Выделяются несколько характерных стилей:

  • Истлан-дель-Рио (Ixtlán del Rio). Эти абстрактные статуэтки имеют плоские, почти квадратные туловища со стилизованными лицами, имеют кольца в носу и многочисленные серьги. Сидящие статуэтки имеют тонкие, похожие на верёвки конечности, а стоящие фигурки — короткие и толстые.

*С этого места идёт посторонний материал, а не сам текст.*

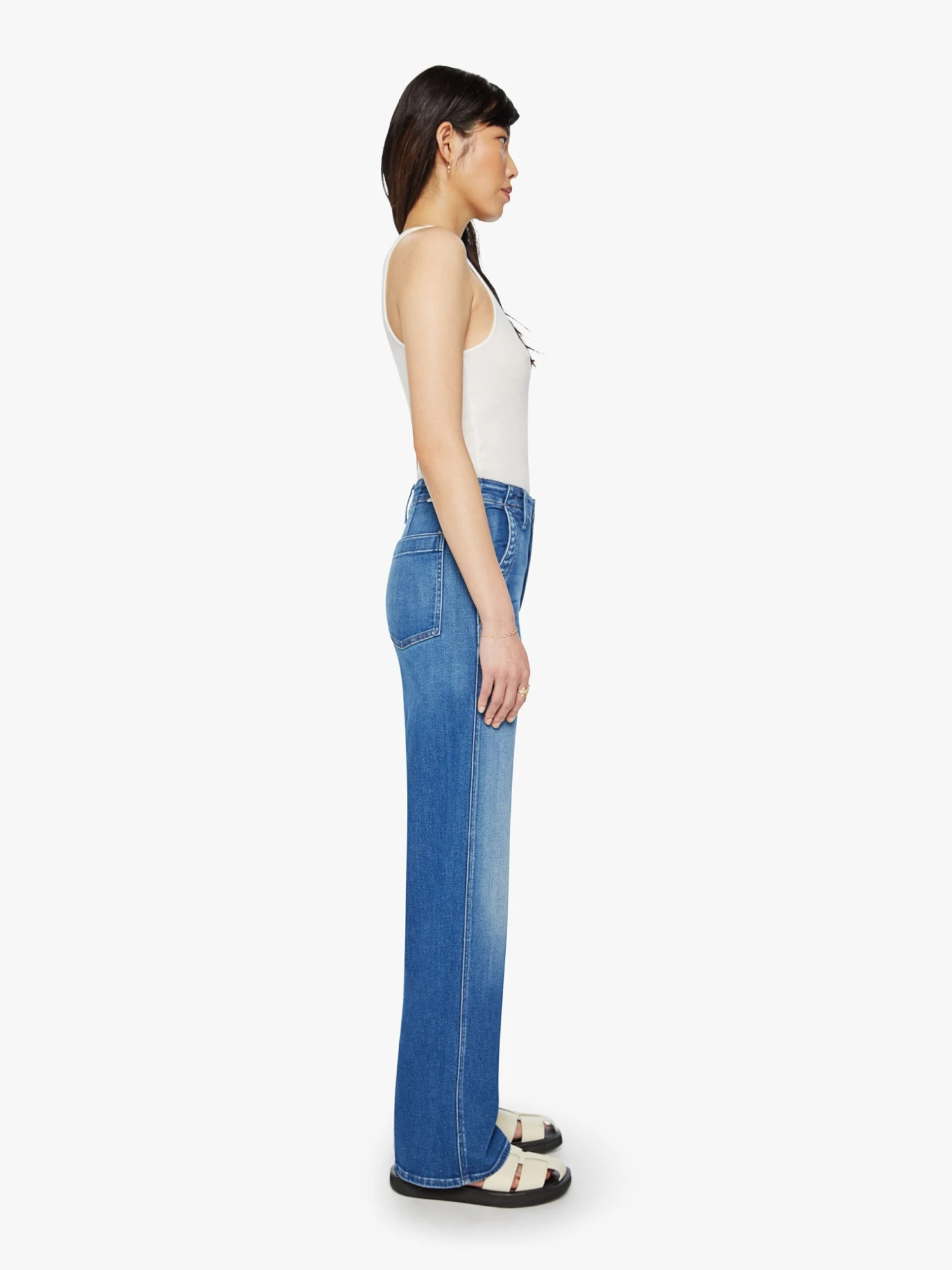 TGIF. A super high-rise straight-leg jean with a zip fly, wide leg, side slit pockets and a clean 31-inch inseam. Cut from stretch denim, Work Hard Play Hard is a mid-blue wash with subtle whiskering and fading at the knees.

Известный карикатурист и этнограф Мигель Коваррубиас отмечал, что эти изображения являются «предельной формой абсурдных, брутальных карикатур, особой эстетической концепцией, которая смакует человеческие уродства».[19] Историк искусства Джордж Кюблер (en:George Kubler) отмечает, что «квадратные туловища, искривлённые в гримасах рты и прямые взгляды передают обеспокоенность, которая лишь частично компенсируется живостью поз и пластической энергией опухших форм».[20]
  • «Псевдокитайские» («Chinesca») фигурки получили название за внешнее сходство с китайским искусством. Это ранний стиль, связан с Наяритом.[21] Внутри стиля выделяется до 5 основных подгрупп, которые могут частично совпадать.[22] Фигурки типа A, так называемые «классические псевдокитайские»,[23] реалистичны по изображению. Майкл Кан (Michael Kan) отмечает, что «их сдержанные лица скорее намекают на эмоции, чем демонстрируют их».[24] Фигурки типа A настолько похожи друг на друга, что их считают продукцией одной «школы».[25] Типы B — E — более абстрактные, характеризуются припухшими, узкими глазами, а также широкими прямоугольными или треугольными головами. Эти фигурки часто изображаются сидящими или полулежащими, с короткими конусовидными ногами.[26]
  • Стиль Амека, связанный с городищем Халиско, характеризуется удлинённым лицом и высоким лбом, который нередко покрыт волосами, спелёнными в косу, или головным убором, похожим на тюрбан. Орлиный нос удлинён, крупные глаза — широкие, смотрят прямо, с заметными веками, которые создавались путём накладки дополнительных полос глины («багетов») вокруг глаз.[27] Широкий рот закрыт или слегка приоткрыт, а на больших руках имеются тщательно выполненные ногти. Кюблер отмечает как ранний стиль «с овечьим лицом», так и более поздний стиль, «лучше анимированный и с более выраженной артикуляцией».[28]
  • Керамика Колима отличается гладкими округлыми формами тёплым красно-коричневым оттенком.[29] Находки из Колимы характерны тем, что в них встречается большое разнообразие фигурок животных, в особенности собак. Люди в колимской керамике «более манерные и менее пышные», чем другие фигурки шахтовых могил.[30]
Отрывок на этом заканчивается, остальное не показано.